Saturday, June 4, 2011

Chain lubricants - A comparison review

I've yet to read the book "Zen and the Art of Motorcycle Maintenance" but just from the title, I get the sense that I will appreciate the message the author tried to convey. When I settle down to work on my bike for a little bit each week, I find that time to be almost meditative. My mind can go blank and I can just work on my bike. (Then again, considering my last entry, maybe my mind going blank is just a frequent occurrence and has nothing to do with meditation at all.)

Having a clean and smooth-running drivetrain on a bike is a sign of someone who cares about his machine. It's no different from a musician taking care of his instrument or a chef taking care of his knives. It is an acknowledgement that "these are the tools of my trade and I take care of them". And one of the essential elements of bike maintenance is chain lubrication. Now the ideal chain lubricant would be easy to apply and would stay on for hundreds of miles in all types of weather. It would keep your drivetrain quiet, reduce the the wear on your chain while not picking up any dust or dirt. And it would be cheap.

Of course, such a lubricant doesn't exist. That's why you see dozens of different lubricants at your local bike shop or online. In general, lubes fall into the "wet" or "dry" categories and each has its pros and cons. Wet lubes stay on the chain longer but pick up dirt and dust. Dry lubes stay far cleaner but require regular application. So here's a comparison of several of the more popular lubricants that I've had a chance to try. One thing that I do to my chains before applying a new lube is to wash it down (actually, degrease the entire chain) to get a good idea of what the new lube is like.

White Lightning Clean Ride - The first "dry" lube that I tried. It's a wax based lube that goes on wet and then dries in about 20-30 minutes. The idea of a wax-based lube is that it flakes off as dirty and grime get stuck in it... thus the concept of "self-cleaning" (though probably more like dandruffy-shedding). The lube does keep things clean though.
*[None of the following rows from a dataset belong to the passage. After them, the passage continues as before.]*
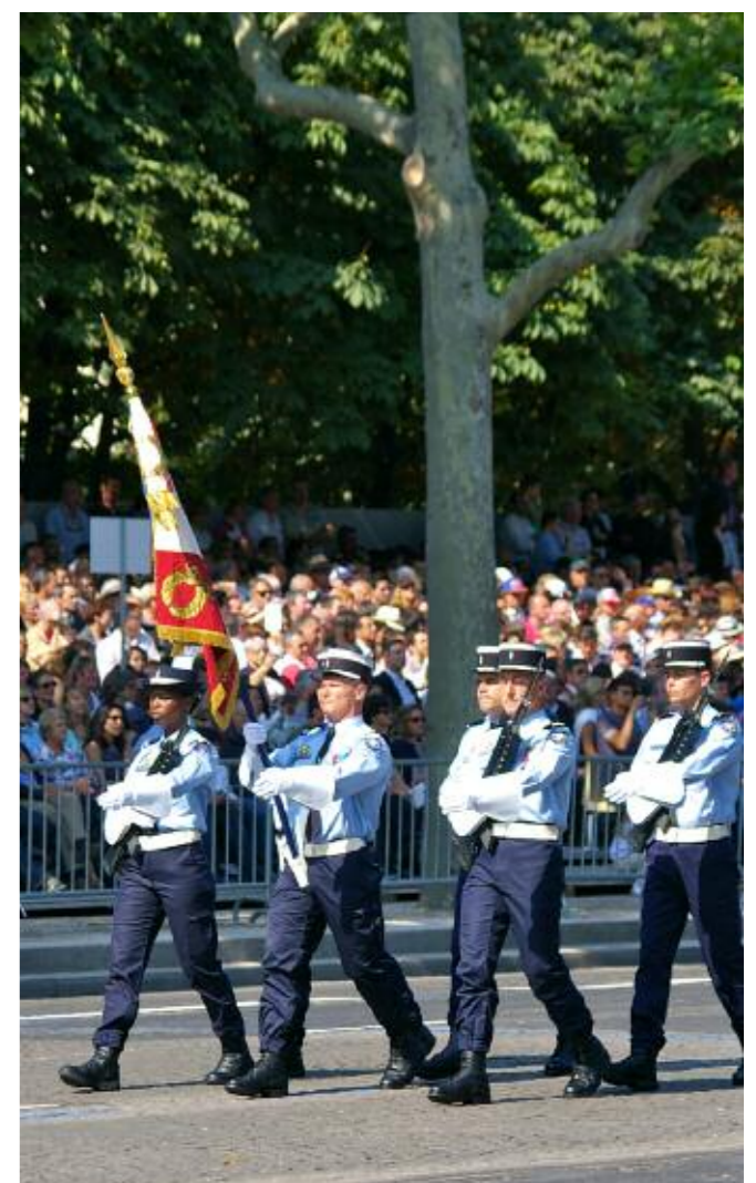
Grande première : le drapeau de la GTA sur les Champs-Élysées.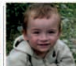
Zubietako Aritzek eskolarako mobilak prestatu omen du dagoreniko; 3 urte beteko baitu uztailaren 10ean. Zorionak gizonbato eta ez ahaztu gosaria sartzen. Mami potokoi. Aita eta ama.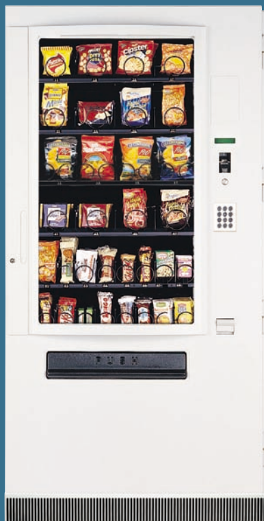
SPIRALE M LUX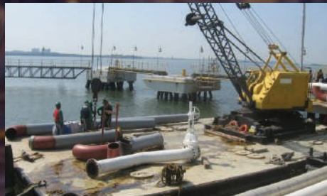
Obras Metalmecánicas para las Líneas de Proceso, Tanques de Almacenamiento en el Área de TNP de la Refinería de Cartagena. Valor:3320 SMMLV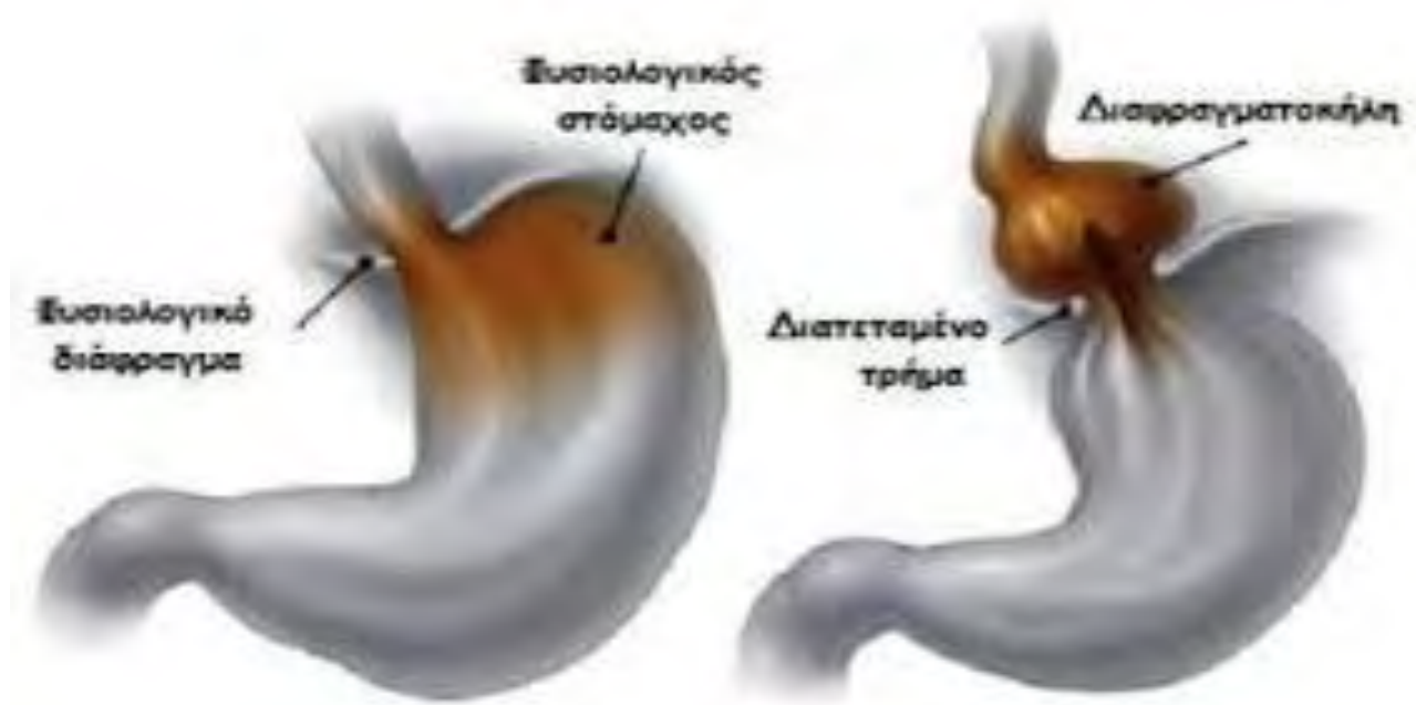
Εικόνα 2: Διαφραγματοκήλη

When I was using it, I'd end up applying it about every other ride (each ride being no shorter than 30 miles in length). Probably not as good for wet- or poor-weather rides where grime gets into the drivetrain much quicker and thus could shorten the intervals at which it has to be applied. $6 for 4oz.

Dumonde Tech Lite - Supposedly a "high-tech" lube that is a cross between wet and dry lubes. According to Dumonde Tech, it generates a plastic coating on the drivetrain that acts as a super-slick surface. It also has to be applied before the ride to allow it to dry onto the drivetrain. I'm also fairly certain that I got high from the fumes. One really nice thing is that it seems to last quite a bit longer than some of the other lubes, especially since the recommendation is to not reapply the lube unless you hear noise from the drivetrain. The downsides? It gets dirty and seems to put a residue on the chain unless you're meticulous about wiping off the excess. And it's really expensive. The priciest of the lubes here. $16 for 4oz.

Triflow Superior Lube - This was the first lube I tried on my bikes. Really easy to use and comes with a useful little plastic "straw" that allows for precise application. The main problem with it? It gets incredibly dirty. As it... I just did a ride on my road bike and it looks like I was in a cyclocross race. I like taking care of my bike but having to wipe down tremendous amounts of dirt and grime on the chain after every ride isn't exactly fun. One good thing is that you can apply it and ride immediately without having to wait for it to dry. $3.50 for 2oz.

Finish Line Krytech Wax - For some reason, I had the worst luck with this lube. It goes on wet... and then apparently just drips right through the links and disappears. It seemed like it wouldn't last for even short rides of ~25 miles. Part of it might have been that I was using it during a stretch where we had some wet weather. So it might be good in dry weather but in wet, I wouldn't use it again. The other thing is that the lube has very low viscosity so it comes out of the bottle really quickly... making me think that the bottle wouldn't last as long as some others. It did smell oddly good though. $7 for 4oz.

Boeshield T-9 - This is the current lube that I've been using. Apparently it was designed by Boeing to use on their jet engines... and since my legs also spin at the same velocity as a turbojet engine (or not), I figured it'd be worth a try. It's another dry lube that seems to last longer than some of the others. I've ridden ~150miles before requiring re-application. Drivetrain has remained smooth and quiet. Apparently in cold weather it tends to get a little sticky and if you apply too much, it'll build up. But I haven't had much of a problem with it yet. It's not quite as easy to find at local bike stores but easily found on the Internet. $9 for 4oz.

If I were to rank them right now (considering both utility and cost), I'd put them in this order:
     Boeshield T-9
     White Lightning Clean Ride
     Dumonde Tech Lite
     Finish Line Krytech Wax
     Triflow Superior Lube


  1. I haven't tried Boeshield (almost sounds like a contracted pronunciation of bullsh@t shield), but from my experience of using the White Lightening Clean Ride I would recommend it as well. Less dirty than wet lube. Although the guy in the Larry and Jeff was telling me that dry lube gives more resistance than wet lube.

  2. A chain needs a lot of cleaning and lubrication if it is to last a long time. That is why having a decent chain on your bike is no good if you do not look after it.

  3. I don't know why the maintenance of this stuff has to be this difficult,but the break down here makes it looks so doable.

  4. Triflow is intended for for non-drivetrain applications (e.g. cables, derailleur pivot points, etc.). With that in mind, it's great!

  5. Apart from the brand of lubricant, it's also important to consider the terrain and weather condition you're riding in. Wet lubricants are better for wet environments because they're more viscous, thus preventing them from washing away easily. Dry lubricants are more loose and slicker so they don't pick up as much dust. Proper knowledge about biking conditions and materials is necessary to be able to pick the right kind of lubricant and ensure the best ride.